Quantum physicists at Griffith University have unveiled a new paradox that says, when it comes to certain long-held beliefs about nature, "something's gotta give."
Quantum theory is practically perfect at predicting the behavior we observe when we perform experiments on tiny objects like atoms. But applying quantum theory at scales much larger than atoms, in particular to observers who make the measurements, raises difficult conceptual issues.
In a paper published in Nature Physics, an international team led from Griffith University in Australia has sharpened those issues into a new paradox.
"The paradox means that if quantum theory works to describe observers, scientists would have to give up one of three cherished assumptions about the world," said Associate Professor Eric Cavalcanti, a senior theory author on the paper.
"The first assumption is that when a measurement is made, the observed outcome is a real, single event in the world. This assumption rules out, for example, the idea that the universe can split, with different outcomes being observed in different parallel universes."
"The second assumption is that experimental settings can be freely chosen, allowing us to perform randomized trials. And the third assumption is that once such a free choice is made, its influence cannot spread out into the universe faster than light," he said.
"Each of these fundamental assumptions seems entirely reasonable, and is widely believed. However, it is also widely believed that quantum experiments can be scaled up to larger systems, even to the level of observers. But we show that one of these widely held beliefs must be wrong! Giving up any one of them has far-reaching consequences for our understanding of the world."
The team has established the paradox by analyzing a scenario with well-separated entangled quantum particles combined with a quantum "observer"—a quantum system which can be manipulated and measured from the outside, but which can itself make measurements on a quantum particle.
"Based on the three fundamental assumptions, we have mathematically determined limits on what experimental results are possible in this scenario. But quantum theory, when applied to observers, predicts results which violate these limits. In fact, we have already performed a proof-of-principle experiment using entangled photons (particles of light)," said Dr. Nora Tischler, a senior experimental author. "And we found a violation just as quantum theory predicted."

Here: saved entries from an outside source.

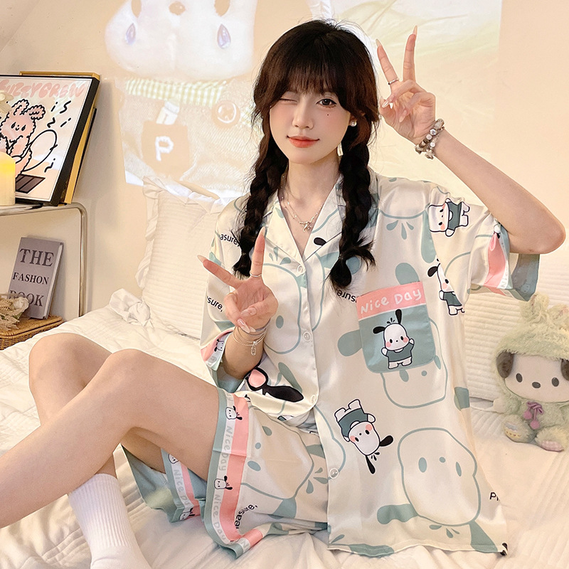 Pakaian Rumah Wanita Musim Panas Sutra Es Model Tipis Lucu Setelan Dua Potong Lengan Pendek Sutra Wanita Musim Panas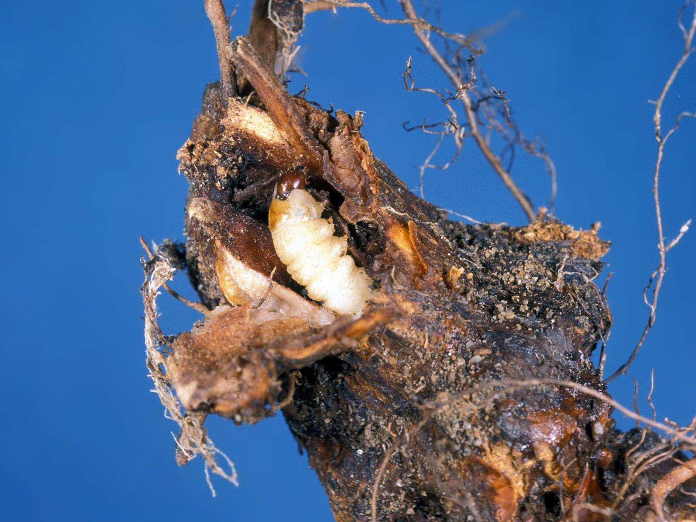 Description: Coupe du collet d'un plant de framboisiers présentant une larve de rhizophage du framboisier dans sa galerie. Le cycle vital de cette espèce est de deux ans. La première année, les jeunes larves s'abritent sous l'écorce niveau du collet de la plante. L'année suivante, les larves migrent plus profondément en creusant des galeries au niveau du collet, des racines et des tiges ce qui induit la formation d'un renflement à la base du plant. Le feuillage des tiges infestées se dessèche et la tige cass… En savoir plus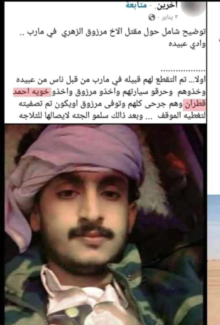 ٣. قضية ضبط احمد قطران في مارب ومقتل رفيقه قد نشرت في الاعلام الالكتروني ومواقع التواصل الاجتماعي من قبل عشرة أشعر كذلك ، وقد أرفقت لكم بعضا من الصور لمنشورات نشرت حول القضية في شهر يناير من هذا العام .

"But our 'observer' had a very small brain, so to speak. It has just two memory states, which are realized as two different paths for a photon. That's why we call it a proof-of-principle experiment, not a conclusive demonstration that one of the three fundamental assumptions in our paradox must be wrong," she said.
"For a more definitive implementation of the paradox, our dream experiment is one where the quantum observer is a human-level artificial intelligence program running on a massive quantum computer," said Professor Howard Wiseman, the leader of the project and Director of Griffith's Center for Quantum Dynamics, where the theoretical and experimental teams are based.
"That would be a pretty convincing test of whether quantum theory fails for observers, or whether one of the three fundamental assumptions is false. But that's probably decades away."
The Center for Quantum Dynamics laboratory in which the experiment was performed is also part of the Center for Quantum Computation and Communication Technology, an Australian Research Council Center of Excellence.
"It has long been recognized that quantum computers will revolutionize our ability to solve hard computational problems," Professor Wiseman said.
"What we didn't realize until we started this research is that they may also help answer hard philosophical problems—the nature of the physical world, the mental world, and their relationship."